WORK INSTRUCTIONS - Print all of the records. Exclude the images.

[[ DATA FOR THE TASK, beginning ]]

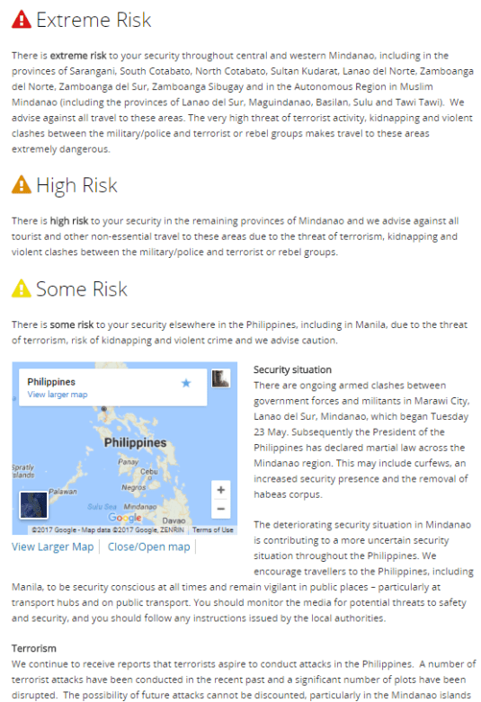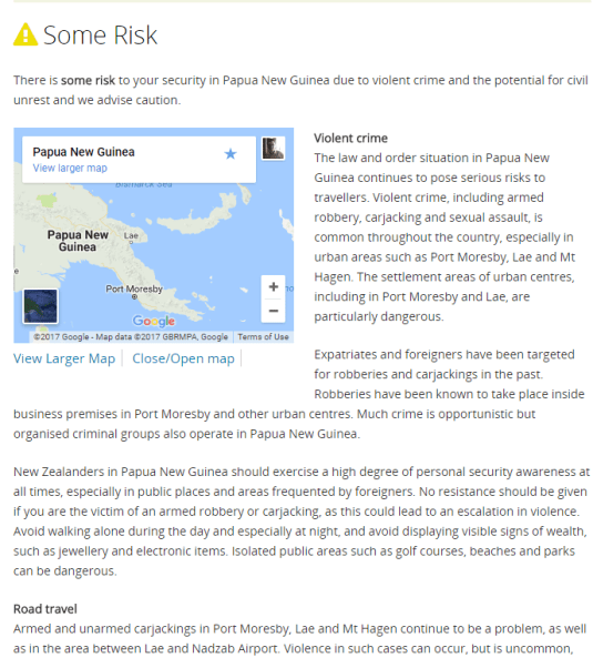 The Manus Island debates led me to notice I have travelled in far more dangerous places such as the Philippines. Also, if you are thinking are going to Bali, read its travel advisory.
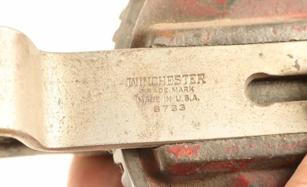 FAIR: Some major parts replaced; minor replacement parts may be required; metal rusted, may be lightly pitted all over, vigorously cleaned or re-blued; rounded edges of metal and wood; principal lettering, numerals and design on metal partly obliterated; wood scratched, bruised, cracked or repaired where broken; in fair working order or can be easily repaired and placed in working order.
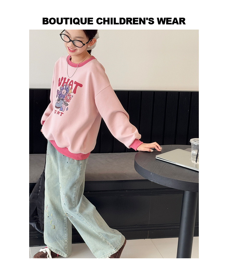 여자 청바지 가을 2025 새로운 어린이 느슨한 스트레이트 자수 워시 소프트 데님 캐주얼 바지 봄과 가을
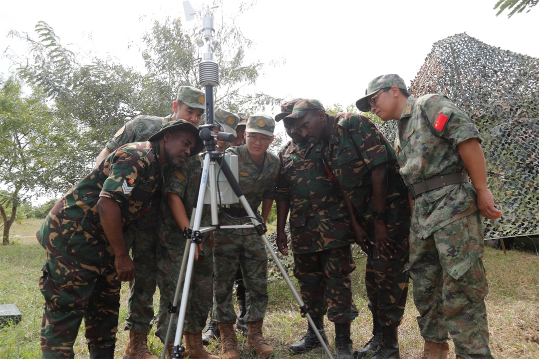圖為中坦軍官兵進(jìn)行氣象觀測技術(shù)交流。
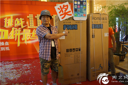 金舵瓷砖总经理李丹锋先生为获得iphone6的顾客朋友颁奖
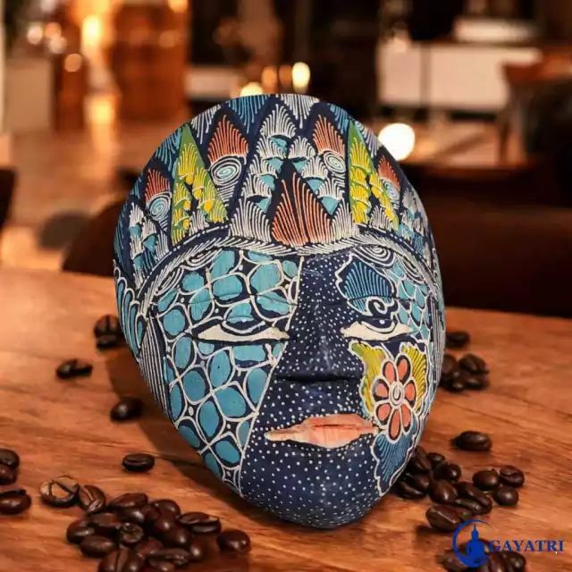 A Máscara Batik é produzida em madeira na Ilha de Bali, Indonésia. Possui pintura única, tornando assim uma peça exclusiva.
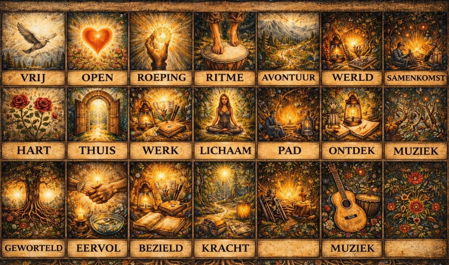 (VRIJ, OPEN, ROEPING, AVONTUUR, WERELD, SAMENKOMST…).

[[ DATA FOR THE TASK, end ]]

TASK RESPONSE -
 The Manus Island debates led me to notice I have travelled in far more dangerous places such as the Philippines. Also, if you are thinking are going to Bali, read its travel advisory.
 FAIR: Some major parts replaced; minor replacement parts may be required; metal rusted, may be lightly pitted all over, vigorously cleaned or re-blued; rounded edges of metal and wood; principal lettering, numerals and design on metal partly obliterated; wood scratched, bruised, cracked or repaired where broken; in fair working order or can be easily repaired and placed in working order.
 여자 청바지 가을 2025 새로운 어린이 느슨한 스트레이트 자수 워시 소프트 데님 캐주얼 바지 봄과 가을
圖為中坦軍官兵進(jìn)行氣象觀測技術(shù)交流。
 金舵瓷砖总经理李丹锋先生为获得iphone6的顾客朋友颁奖
 A Máscara Batik é produzida em madeira na Ilha de Bali, Indonésia. Possui pintura única, tornando assim uma peça exclusiva.
 (VRIJ, OPEN, ROEPING, AVONTUUR, WERELD, SAMENKOMST…).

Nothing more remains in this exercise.